In alt.engineering.electrical Michael A. Terrell wrote:
| wrote:
|
| In alt.engineering.electrical Michael A. Terrell wrote:
| |
wrote:
| |
| | In alt.engineering.electrical Michael A. Terrell wrote:
| |
| | | The central air kicks on without my lights dimming, and I am in North
| | | Central Florica.
| |
| | I bet it's on its own branch circuit, too.
| |
| |
| | So what? The meter is on a pole on one side of the driveway ( two
| | feet from the property line, because Progress Energy does not allow
| | drops to cross a driveway anymore.), and an outdoor breaker box is on
| | the remaining four foot stump of the old pole on the other side of the
| | paved drive, about 40 feet away. The 60 A breaker for the AC is in that
| | box, along with the 100 A main breaker that is used as a disconnect for
| | the house. That box is over 125 feet from the pole pig, on a 150 A
| | service. That box also feeds another underground line to the laundry
| | building,, and well pump. The main breaker box for the house is another
| | 20 feet from the outdoor box. Now, tell me how it can have no effect on
| | the line voltage. I still see very little flickering, usually only on
| | hot summer days when everyone in the subdivision is using the AC and
| | their kitchen stoves at the same time. That is usually followed by a
| | blown 60 A fuse in the 7200 volt line, feeding my street.
|
| If it were not on its own branch circuit, that would (in addition to being
| a code violation) more likely cause other stuff (whatever else is on the
| same circuit) to experience dimming. The fact that it is onis own branch
| circuit doesn't mean there isn't a big voltage drop.

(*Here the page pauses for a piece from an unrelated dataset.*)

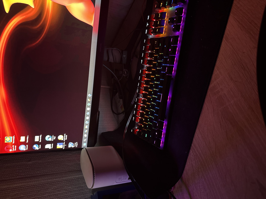The image displays a dimly lit computer workstation located in Dimitrovgrad, Bulgaria. A dark-framed computer monitor occupies the central upper portion, exhibiting a desktop environment with a fiery red and orange abstract background, possibly depicting a human arm. Visible application icons on the left side of the screen include Opera GX Browser, Discord, Geometry Dash, Steam, GameLoop, Fortnite, Microsoft Edge, Chrome, Steam Browser, and Roblox. Below the monitor, a full-size mechanical keyboard with active multi-color (rainbow) RGB backlighting is positioned on a black mouse pad. To the left of the monitor, a white, vertically oriented, rounded rectangular electronic device is present. The workstation rests on a light-colored wooden desk surface, displaying visible grain patterns. Multiple dark cables are discernible behind the keyboard and monitor. The background behind the white device and to the left of the monitor appears as a dark, textured surface, possibly a wall or curtain. No individuals, actions, or interactions are present in the scene.
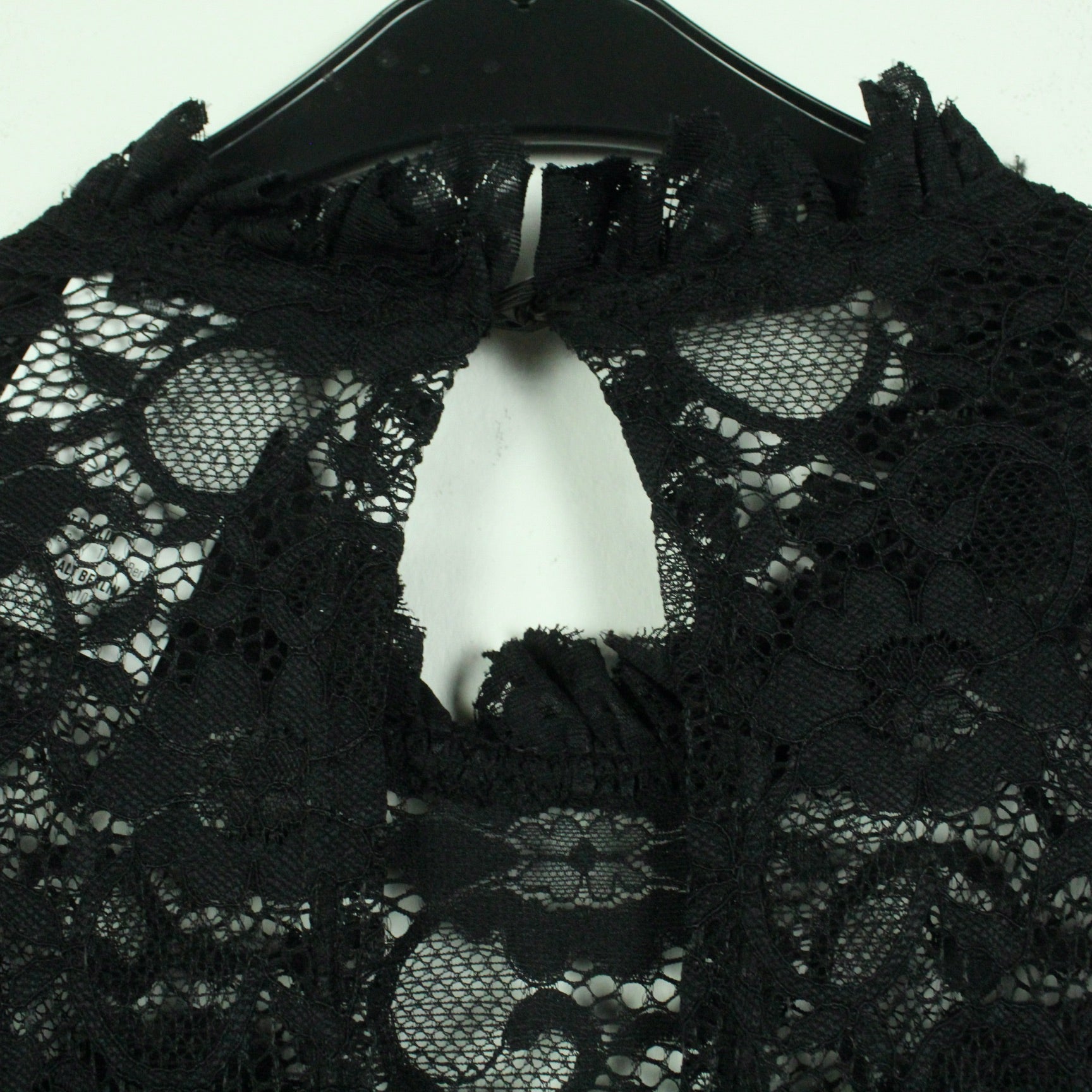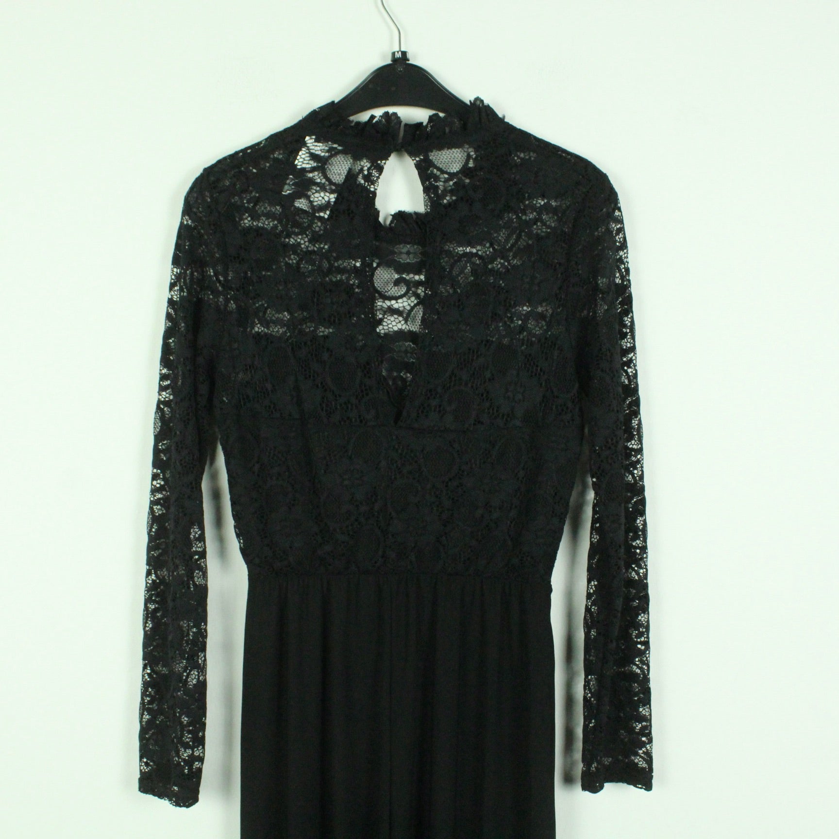 Details: schwarz, uni, langarm, Spitze, weites gerades Bein

But only the A/C would
| be getting it, and it wouldn't matter (much).
|
| It can have no (or very little that cannot be noticed) effect on the line
| voltage because you have good wiring and the transformer has a high enough
| capacity and low enough impedance. This is stuff you know.
|
| Blowing a 60 amp fuse at 7200 volts is not a small neighborhood.
|
|
| 48 lots, 47 with homes. That gives 7200*60/240 or 1800 A @ 240 V for
| 47 homes gives an average 38.29 A per home which is the reason that fuse
| can blow more than once a week, along with it's explosive discharge that
| sounds like a shotgun every time it blows.

Yup, big neighborhood. It wouldn't take much after 47 home central A/C's
are running to go over the fuse rating. Any guess what the curve on that
fuse is? E.g. how long can you go at 105%? 125%?